**SOURCE MATERIAL**.
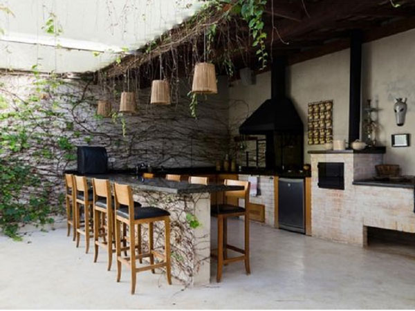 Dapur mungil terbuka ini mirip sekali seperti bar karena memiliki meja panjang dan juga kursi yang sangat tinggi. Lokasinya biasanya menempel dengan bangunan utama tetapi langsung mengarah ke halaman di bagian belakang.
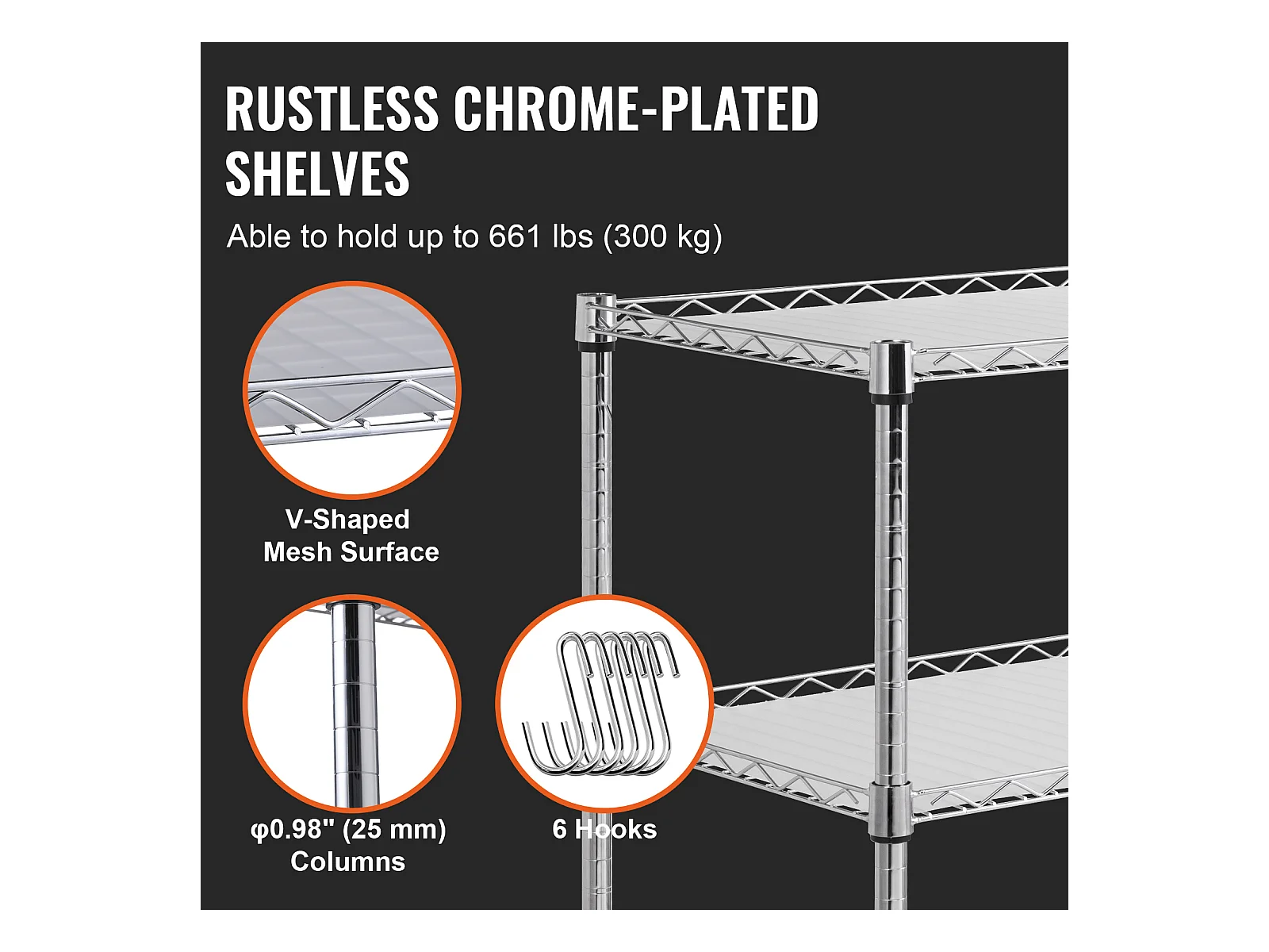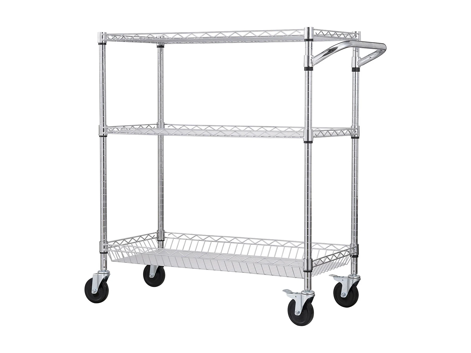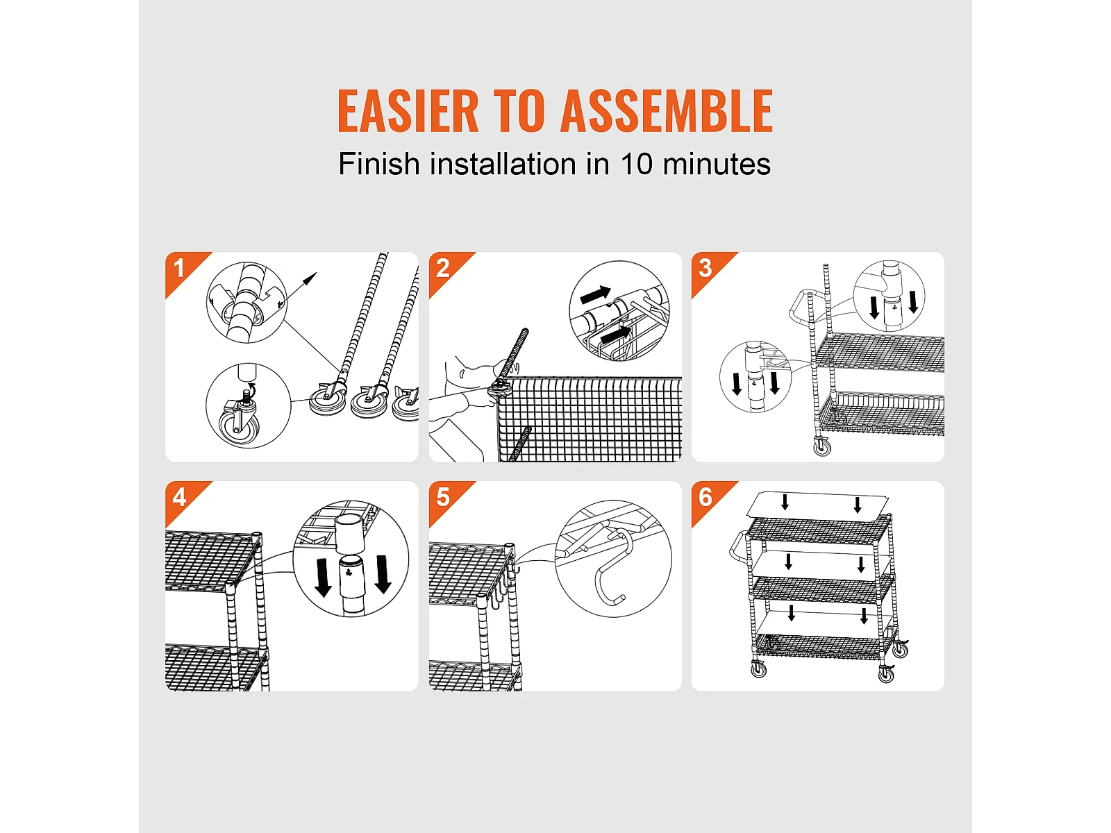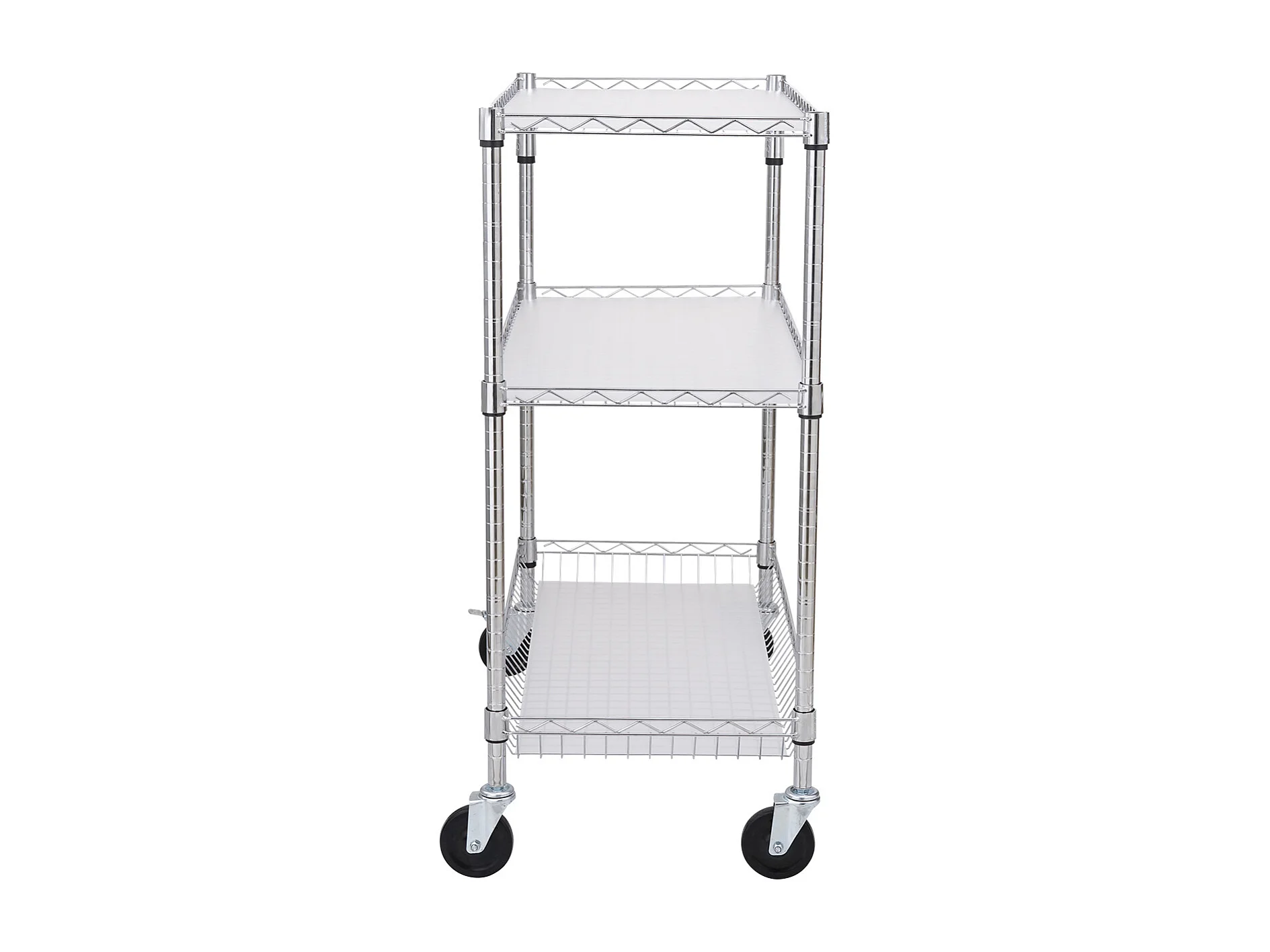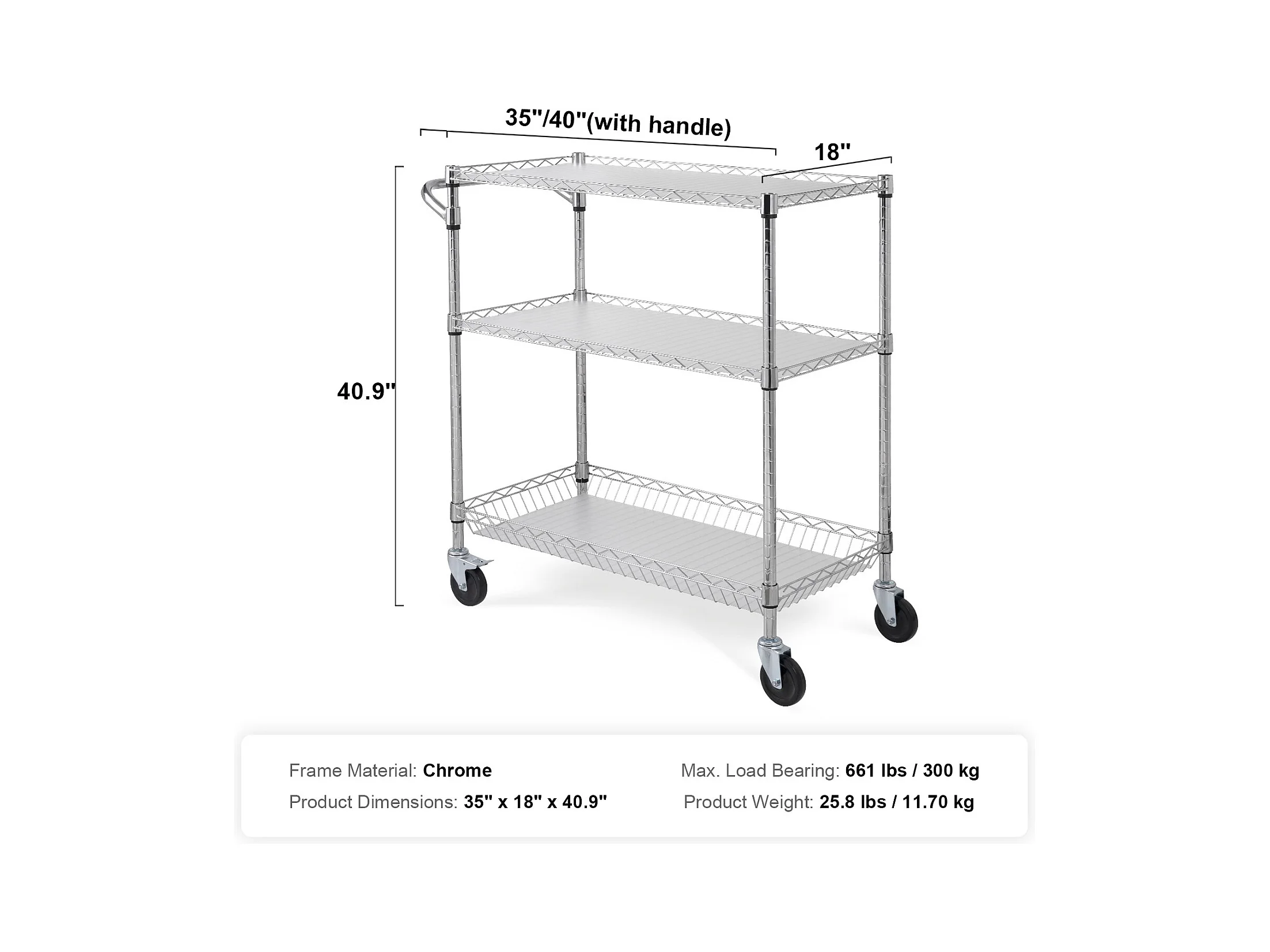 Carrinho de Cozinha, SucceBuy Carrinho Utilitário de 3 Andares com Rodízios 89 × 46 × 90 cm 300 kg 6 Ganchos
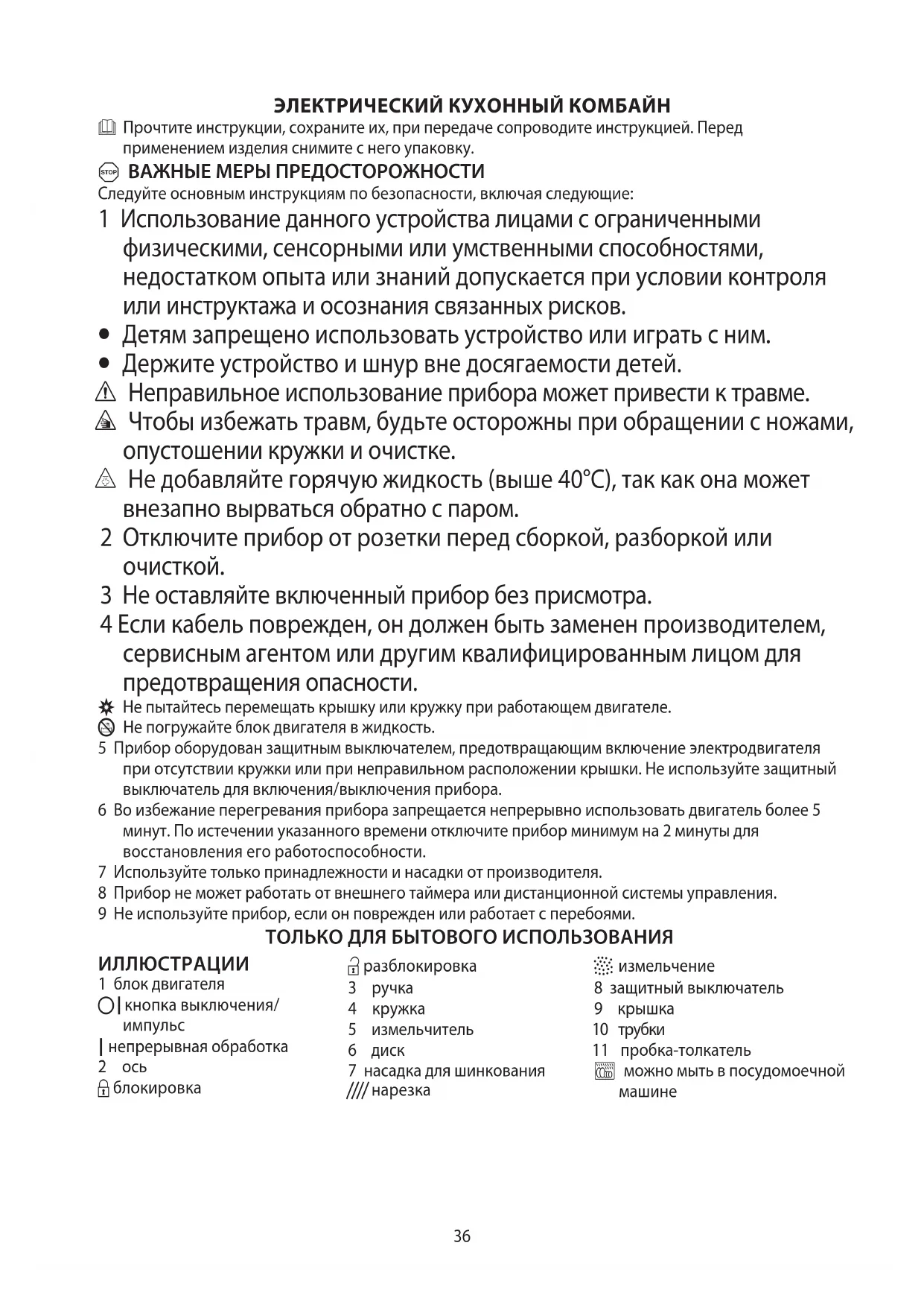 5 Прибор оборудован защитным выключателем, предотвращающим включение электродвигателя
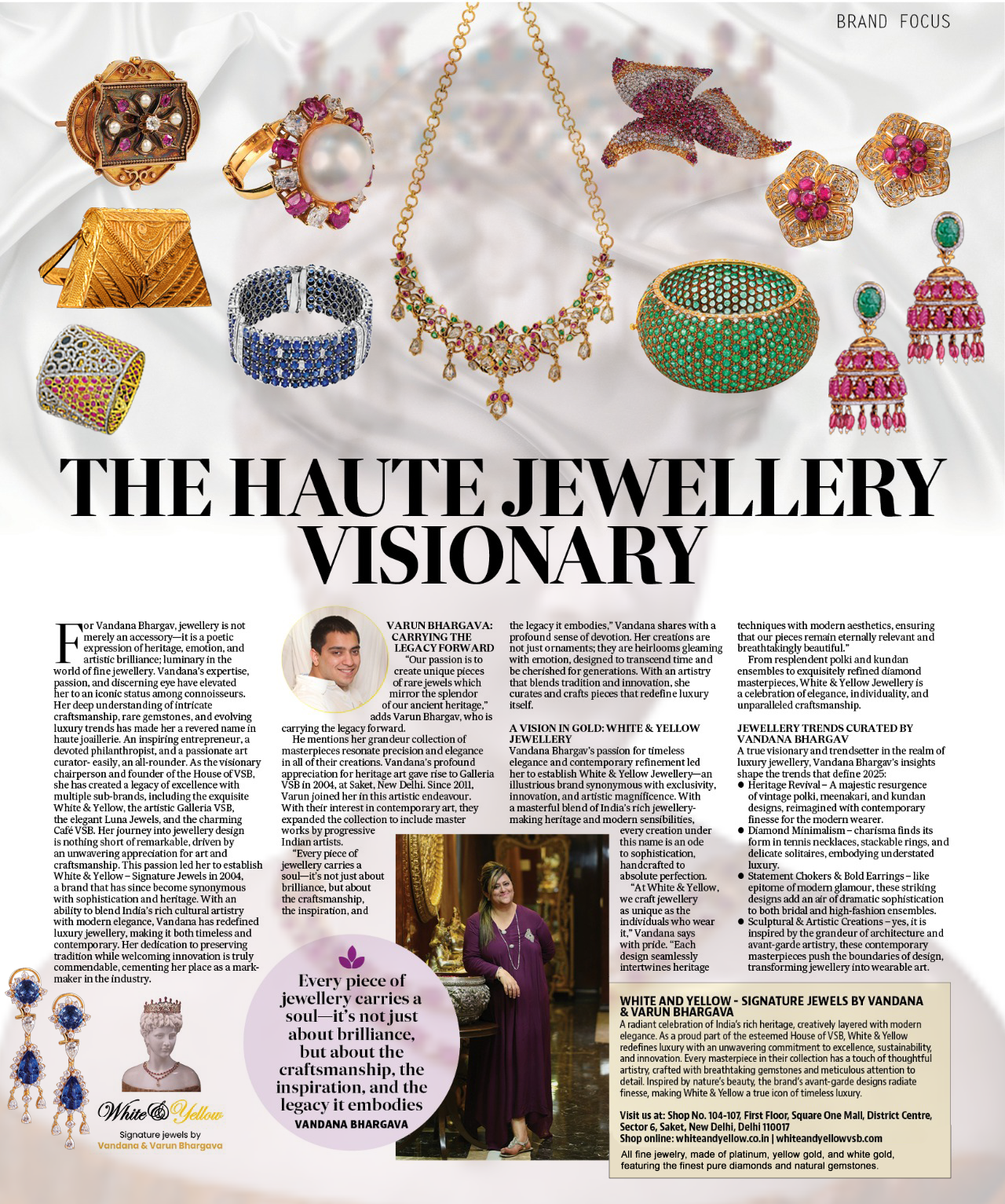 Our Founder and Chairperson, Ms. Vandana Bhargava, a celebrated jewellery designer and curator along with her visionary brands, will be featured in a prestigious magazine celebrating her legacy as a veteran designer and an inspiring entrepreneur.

**AIM OF THE TASK**. No pictures should appear in the copy. Print exactly the lines above from the line containing "Carrinho de Cozinha, SucceBuy" through the last line of the data.

**OUTPUT OF THE EXERCISE**.
 Carrinho de Cozinha, SucceBuy Carrinho Utilitário de 3 Andares com Rodízios 89 × 46 × 90 cm 300 kg 6 Ganchos
 5 Прибор оборудован защитным выключателем, предотвращающим включение электродвигателя
 Our Founder and Chairperson, Ms. Vandana Bhargava, a celebrated jewellery designer and curator along with her visionary brands, will be featured in a prestigious magazine celebrating her legacy as a veteran designer and an inspiring entrepreneur.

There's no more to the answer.